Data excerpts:
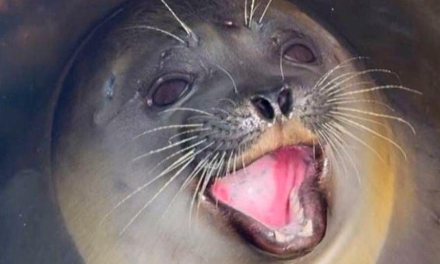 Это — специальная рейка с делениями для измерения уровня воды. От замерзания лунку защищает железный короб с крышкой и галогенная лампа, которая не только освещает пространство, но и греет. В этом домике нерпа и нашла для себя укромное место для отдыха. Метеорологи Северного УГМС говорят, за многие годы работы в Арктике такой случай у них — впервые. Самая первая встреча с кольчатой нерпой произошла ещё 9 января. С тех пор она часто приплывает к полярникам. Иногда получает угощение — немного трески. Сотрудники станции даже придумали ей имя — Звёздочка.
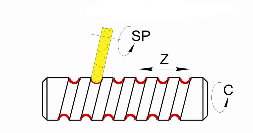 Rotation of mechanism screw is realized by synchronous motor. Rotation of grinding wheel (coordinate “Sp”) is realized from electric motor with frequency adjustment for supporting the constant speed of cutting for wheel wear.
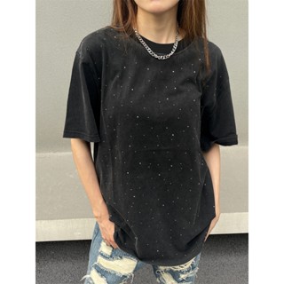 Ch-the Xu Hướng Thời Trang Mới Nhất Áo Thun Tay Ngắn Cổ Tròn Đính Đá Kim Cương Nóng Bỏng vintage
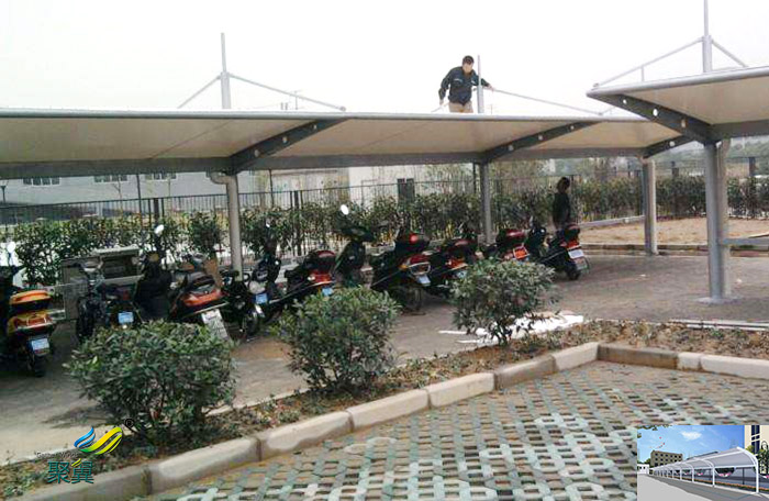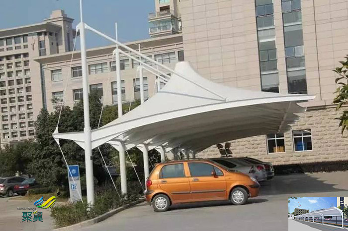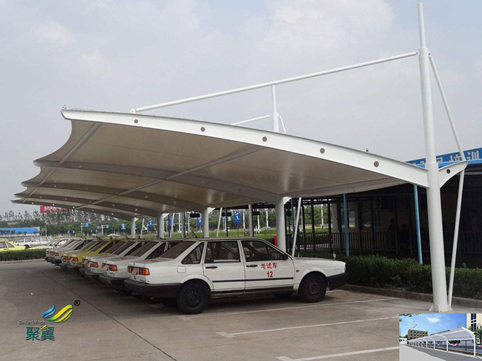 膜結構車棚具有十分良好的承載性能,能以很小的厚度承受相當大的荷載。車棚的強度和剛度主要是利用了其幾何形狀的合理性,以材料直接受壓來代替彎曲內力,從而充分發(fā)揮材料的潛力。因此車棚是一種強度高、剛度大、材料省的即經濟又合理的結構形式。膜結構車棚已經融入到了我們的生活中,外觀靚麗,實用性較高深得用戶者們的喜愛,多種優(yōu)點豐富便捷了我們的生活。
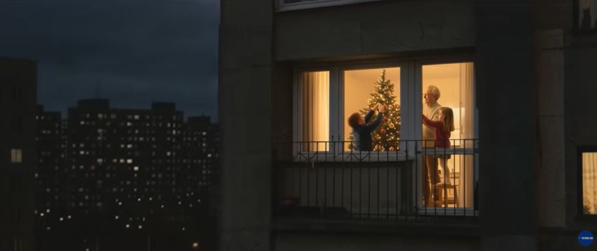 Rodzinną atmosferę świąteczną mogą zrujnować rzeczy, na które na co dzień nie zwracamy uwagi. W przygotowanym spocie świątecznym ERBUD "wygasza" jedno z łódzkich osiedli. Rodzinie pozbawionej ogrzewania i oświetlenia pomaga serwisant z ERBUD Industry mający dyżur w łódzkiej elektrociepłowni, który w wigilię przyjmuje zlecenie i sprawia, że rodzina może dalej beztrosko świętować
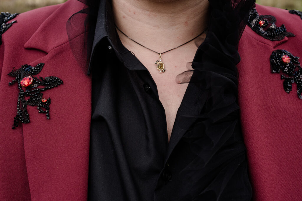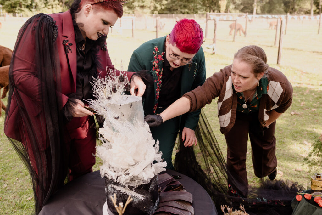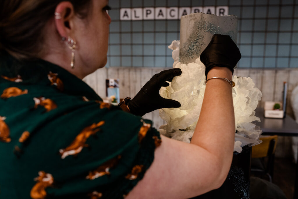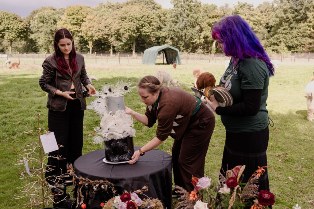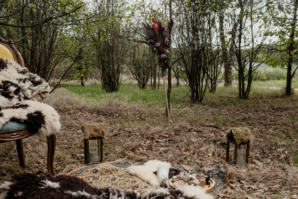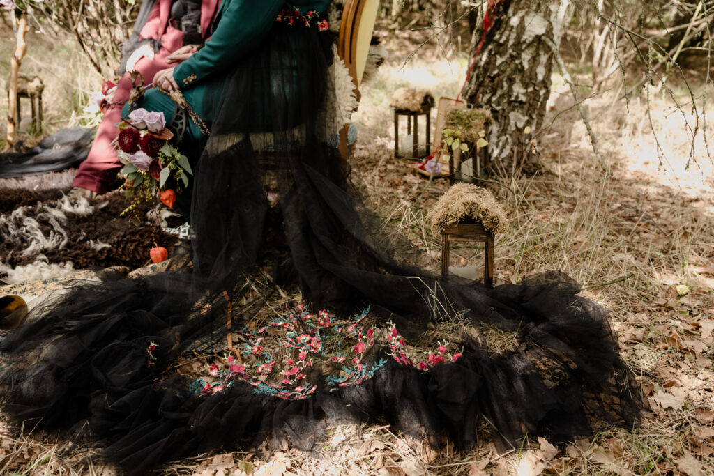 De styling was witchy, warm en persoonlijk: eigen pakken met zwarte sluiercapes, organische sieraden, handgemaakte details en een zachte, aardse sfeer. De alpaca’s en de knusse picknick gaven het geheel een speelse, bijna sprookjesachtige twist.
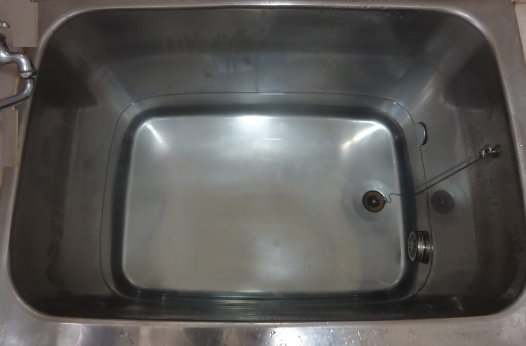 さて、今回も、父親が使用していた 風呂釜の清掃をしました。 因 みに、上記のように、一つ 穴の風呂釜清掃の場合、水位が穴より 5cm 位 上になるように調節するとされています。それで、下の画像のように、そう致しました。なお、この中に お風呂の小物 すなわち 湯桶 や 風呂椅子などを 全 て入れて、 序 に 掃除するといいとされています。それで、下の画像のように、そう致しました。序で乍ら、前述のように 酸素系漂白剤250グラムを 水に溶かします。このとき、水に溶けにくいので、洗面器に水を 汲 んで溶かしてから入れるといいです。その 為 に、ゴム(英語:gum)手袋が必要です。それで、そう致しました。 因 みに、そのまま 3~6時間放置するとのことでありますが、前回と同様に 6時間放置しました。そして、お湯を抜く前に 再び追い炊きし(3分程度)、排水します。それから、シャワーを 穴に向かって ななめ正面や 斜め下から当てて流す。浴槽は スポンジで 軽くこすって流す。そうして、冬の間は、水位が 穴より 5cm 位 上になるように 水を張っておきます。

- GOAL OF THE EXERCISE
I would like the exact lines from the data above, starting with the one that holds "Rotation of mechanism" and going on through the one that holds "膜結構車棚具有十分良好的承載", without the pictures.

- REPLY TO THE EXERCISE
 Rotation of mechanism screw is realized by synchronous motor. Rotation of grinding wheel (coordinate “Sp”) is realized from electric motor with frequency adjustment for supporting the constant speed of cutting for wheel wear.
 Ch-the Xu Hướng Thời Trang Mới Nhất Áo Thun Tay Ngắn Cổ Tròn Đính Đá Kim Cương Nóng Bỏng vintage
 膜結構車棚具有十分良好的承載性能,能以很小的厚度承受相當大的荷載。車棚的強度和剛度主要是利用了其幾何形狀的合理性,以材料直接受壓來代替彎曲內力,從而充分發(fā)揮材料的潛力。因此車棚是一種強度高、剛度大、材料省的即經濟又合理的結構形式。膜結構車棚已經融入到了我們的生活中,外觀靚麗,實用性較高深得用戶者們的喜愛,多種優(yōu)點豐富便捷了我們的生活。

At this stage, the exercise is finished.